Dataset extract:
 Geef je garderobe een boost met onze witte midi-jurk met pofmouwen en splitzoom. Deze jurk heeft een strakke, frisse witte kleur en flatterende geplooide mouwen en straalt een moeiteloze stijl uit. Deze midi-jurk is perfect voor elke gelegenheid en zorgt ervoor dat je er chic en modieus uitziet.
* * *
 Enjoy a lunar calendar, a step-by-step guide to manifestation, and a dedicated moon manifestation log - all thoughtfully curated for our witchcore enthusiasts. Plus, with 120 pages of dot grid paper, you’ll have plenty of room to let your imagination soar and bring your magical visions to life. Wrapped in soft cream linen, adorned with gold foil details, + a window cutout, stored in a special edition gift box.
==
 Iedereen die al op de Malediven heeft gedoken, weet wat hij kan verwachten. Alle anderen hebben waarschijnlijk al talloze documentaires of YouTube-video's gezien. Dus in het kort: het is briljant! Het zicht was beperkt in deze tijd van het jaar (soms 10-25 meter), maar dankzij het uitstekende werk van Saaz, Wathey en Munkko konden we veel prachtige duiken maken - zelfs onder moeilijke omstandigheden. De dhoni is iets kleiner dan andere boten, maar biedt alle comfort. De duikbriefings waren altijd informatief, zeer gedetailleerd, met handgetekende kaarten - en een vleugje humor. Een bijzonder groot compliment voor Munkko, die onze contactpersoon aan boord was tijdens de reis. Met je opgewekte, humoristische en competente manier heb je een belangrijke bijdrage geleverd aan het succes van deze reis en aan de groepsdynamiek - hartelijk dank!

Activity:
Answer with one number only: how many lines in the data contain the word "onze"?

Written solution:
2